0002: const/high16 v0, #0x3f000000 u32 uninit object [float bool 0004: const/4 v1, #0x7 u32 u32 object [float bool 0005: aget v1, v3, v1 u32 float object [float bool 0007: add-float/2addr v0, v1 float float object [float bool
Each line shows the register type after the instruction has been processed. At each line Daneel learns something new about the register types.
- Label 2: I don’t know the type of
v0
, only that it holds an untyped 32-bit value. - Label 4: Same applies for
v1
here, it’s an untyped 32-bit value as well. - Label 5: Now I know
v1
is used as an array index, it must have been an integer value. Also the array reference in registerv3
is accessed, so I know the result is a float value. The result is stored inv1
, overwriting it’s previous content. - Label 7: Now I know
v0
is used in a floating-point addition, it must have been a float value.

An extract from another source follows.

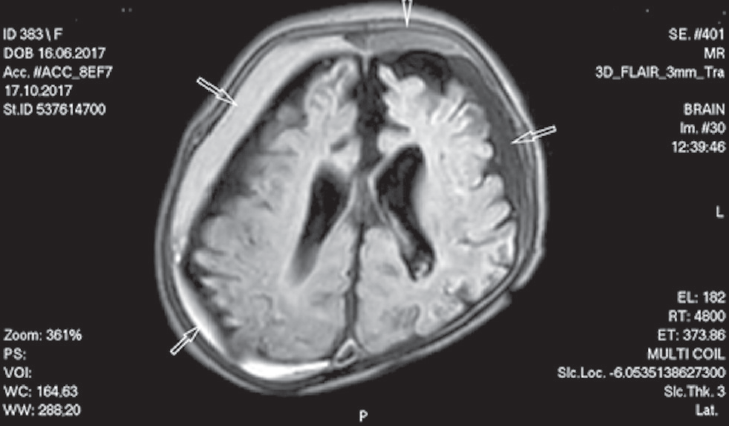 Пациентка 2 (девочка, 2 года 7 месяцев) поступила в микрохирургическое отделение СПбГПМУ с жалобами на значительное отставание в психомоторном развитии и эпилептические приступы. Из анамнеза известно, что беременность протекала на фоне хронической урогенитальной инфекции. Роды вторые срочные, путем операции кесарева сечения на фоне вторичной родовой слабости, начавшейся интранатальной асфиксии плода. Вес при рождении 3200 г. С рождения мама отмечает задержку психомоторного развития. В возрасте 2 месяцев отмечен первый судорожный приступ, на фоне повышенной температуры тела, обструктивного бронхита с дыхательной недостаточностью 2–3-й степени, сердечно-сосудистой недостаточностью 1–2-й степени. Девочка госпитализирована в реанимационное отделение Российской детской клинической больницы. Отмечались повторные афебрильные судорожные приступы. Ребенок наблюдался у инфекциониста в связи с генерализованной формой врожденной миксгерпетической вирусной инфекцией (I, IV, V типов), хроническое течение (гепатит, энцефалопатия, лимфаденопатия, спленомегалия); вторичной иммунной недостаточностью. При поступлении в клинику СПбГПМУ у ребенка сохранялись судорожные приступы в виде эпизодов тонического напряжения конечностей с отведением глазных яблок кверху, ежедневно. Получала антиэпилептическую терапию (Леветирацетам по 40 мг/кг в сутки). Пациентке проведена МРТ головного мозга: МР-признаки двусторонних хронических субдуральных гематом. Глиозно-атрофические изменения белого вещества обеих гемисфер головного мозга, больше справа. Смешанная заместительная гидроцефалия. Mega cisterna magma. Микроцефалия. Данные МРТ представлены на рис. 3. По результатам комплексного мультимодального обследования установлен диагноз: «Органическое поражение центральной нервной системы. Хронические двухсторонние субдуральные гематомы. Атрофические изменения белого и серого вещества обеих гемисфер головного мозга. Смешанная заместительная гидроцефалия. Аномалия Денди – Уокера. Грубое отставание в психомоторном и речевом развитии. Спастический тетрапарез. Псевдобульбарный синдром. Структурная фокальная эпилепсия. Частичная атрофия зрительных нервов обоих глаз. Умеренная спленомегалия». В клинической больнице СПбГПМУ выполнено оперативное вмешательство: костно-пластическая краниотомия, проведено удаление хронических многоуровневых субдуральных гематом справа. По данным послеоперационной мультиспиральной компьютерной томографии, сохранялась заместительная гидроцефалия на фоне атрофических изменений головного мозга. В сравнении с предоперационным исследованием отмечалось уменьшение объема субдуральной гематомы справа. В послеоперационном периоде судороги купированы. Проведен контроль ЭЭГ в послеоперационном периоде: регистрировался уплощенный фоновый паттерн, замедление возрастного ритма. Регистрировались единичная вспышка региональной эпилептиформной активности, высокоамплитудные деформированные комплексы «острая волна — медленная волна» в передних областях правого полушария. Пациентка с улучшением неврологического состояния, купированием эпилептических приступов (клинико-энцефалографическое улучшение на фоне продолжения антиэпилептической терапии Леветирацетамом в дозе 40 мг/кг в сутки) выписана на амбулаторное л

Keep in mind that at each line, Daneel emits appropriate Java bytecode. So whenever he learns the concrete type of a register, he might need to retroactively patch previously emitted instructions, because some of his assumptions about the type were broken.
Finally we look at the second block of instructions reached through the conditional branch as part of the if
-statement.
0009: const v0, #0x3e4ccccd u32 uninit object [float bool 000c: goto 0008 float uninit object [float bool
When reaching this block we basically have the same information as at method entry. Again Daneel learns in the process.

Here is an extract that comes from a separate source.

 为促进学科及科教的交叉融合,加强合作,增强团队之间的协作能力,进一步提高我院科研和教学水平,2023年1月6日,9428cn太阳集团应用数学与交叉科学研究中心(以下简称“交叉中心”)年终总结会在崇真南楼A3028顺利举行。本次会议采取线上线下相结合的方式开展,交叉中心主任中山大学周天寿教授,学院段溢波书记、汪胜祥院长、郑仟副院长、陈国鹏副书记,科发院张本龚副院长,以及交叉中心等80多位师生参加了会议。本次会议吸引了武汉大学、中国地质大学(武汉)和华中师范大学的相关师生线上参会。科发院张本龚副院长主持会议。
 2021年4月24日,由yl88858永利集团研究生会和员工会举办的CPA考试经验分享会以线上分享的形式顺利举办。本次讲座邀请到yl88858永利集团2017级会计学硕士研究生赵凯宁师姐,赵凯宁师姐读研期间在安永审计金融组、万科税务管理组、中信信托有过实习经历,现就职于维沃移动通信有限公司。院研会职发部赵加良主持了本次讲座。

- Label 9: I don’t know the type of
v0
, only that it holds an untyped 32-bit value. - Label 12: Now I know that
v0
has to be a float value because the unconditional branch targets the join-point at label 8. And I already looked at that code and know that we expect a float value in that register at that point.
This illustrates why our abstract interpreter also has to remember and merge register type information at each join-point. It’s important to keep in mind that Daneel follows the instruction stream from top to bottom, as opposed to the control-flow of the code.
Now imagine scrambling up the code so that instruction stream and control-flow are vastly different from each other, together with a few exception handlers and an optimal register re-usage as produced by some SSA representation. That’s where Daneel still keeps choking at the moment. But we can handle most of the code produced by the dx
tool already and will hunt down all those nasty bugs triggered by obfuscated code as well.
Disclaimer: The abstract interpreter and the method rewriter were mostly written by Rémi Forax, with this post I take no credit for it’s implementation whatsoever, I just want to explain how it works.
I wish I knew more about
I wish I knew more about Java, thus I value it when people are willing to share their knowledge with me.
Great Post! I learned a lot
Great Post! I learned a lot from this, Thank you!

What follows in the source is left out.